Chromatic interferometry refers broadly to experiments which leverage quantum superposition in frequency-space to recover hidden phase information encoded in correlations among photons with different wavelengths [1]. Recently, chromatic interferometry has attracted increasing attention, both for its intrinsic interest and for its possible utility in high-resolution imaging and photonic computation [1–7].

Color erasure is the essential technology enabling chromatic interferometry. Only when the frequency difference between the photons is surpassed by the response of detector can interference be measured [8–10]. Information which identifies wavelength (e.g., specifically, energy deposit) is registered in the detection apparatus, even if it is not readily accessible to an experimentalist. Wavelength information is generally harder to erase than polarization or path information, and so color erasure poses an interesting challenge.

The purpose of “color erasure detectors” [1,2] is to erase all wavelength identifying information, thus enabling chromatic interference. The use of such detectors goes beyond previous experiments in chromatic interferometry which implement wavelength conversion either at the light source, or at beamsplitters [3,4,6,11–13]. By contrast, color erasure detectors can recover phase information between different wavelengths of light after interference or phase accumulation has occurred.

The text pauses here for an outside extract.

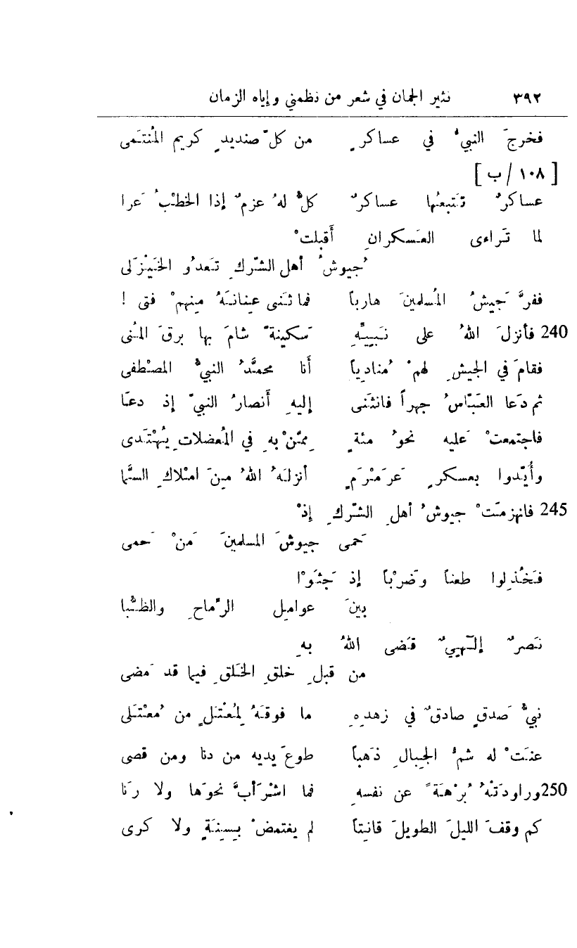245 فانهزمت جيوش أهل الشّرك إذ ... حمى جيوش المسلمين من حمى
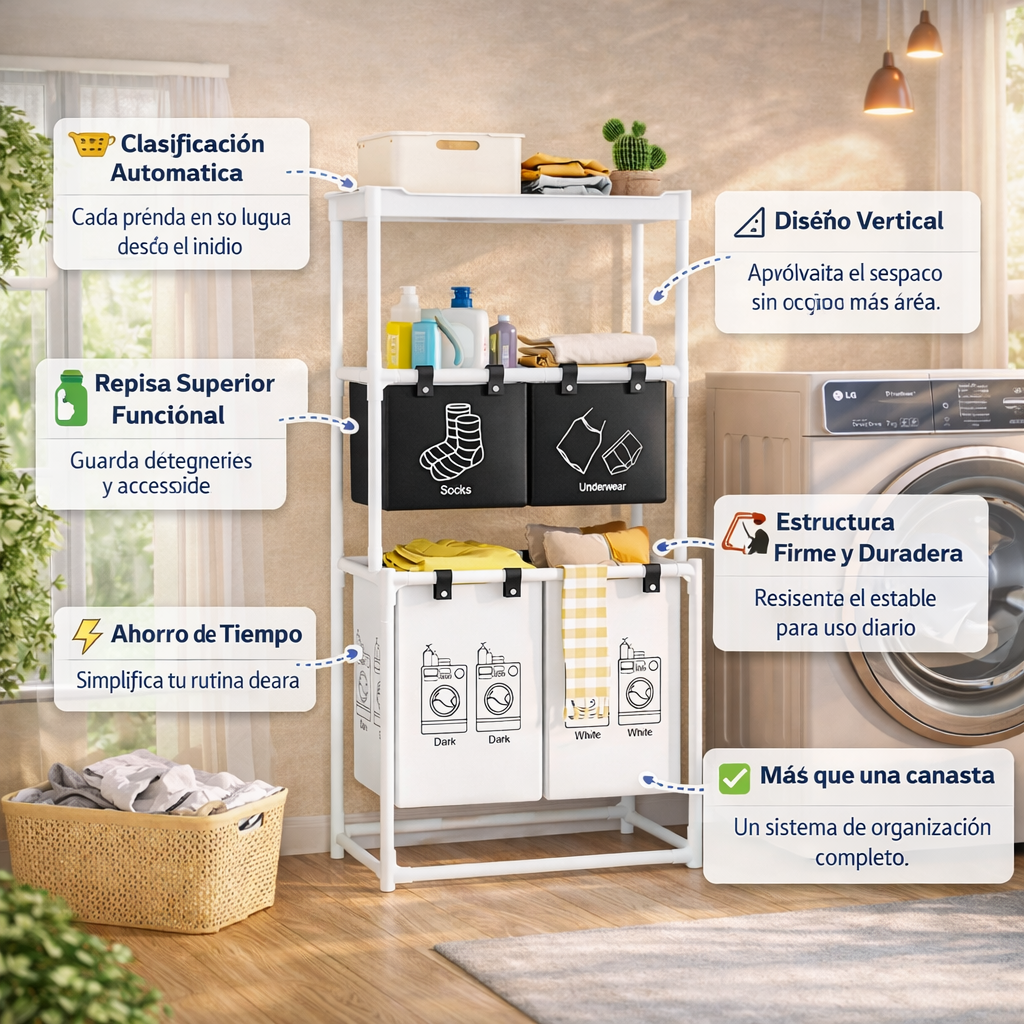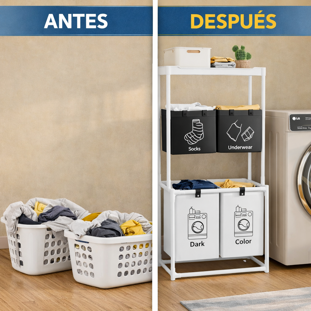 La ropa se mezcla, el espacio se ve desordenado y cuando llega el momento de lavar, pierdes tiempo separando todo desde cero.

Ironically, a significant limitation of existing color erasure detectors is that they can only render photons indistinguishable when their frequency difference is sufficiently large. In order to render reception of two optical photons with frequencies $f_1 < f_2$ indistinguishable, they employ three-wave mixing with a coherent source at frequency $f_3 = f_2 - f_1$. Appropriate crystals or waveguides that implement the mixing are available if $f_3$ corresponds to a wavelength in the $400$ nm to $4500$ nm wavelength range, but not otherwise. This consideration significantly restricts the frequencies $f_1$ and $f_2$ and thus the scope of applications.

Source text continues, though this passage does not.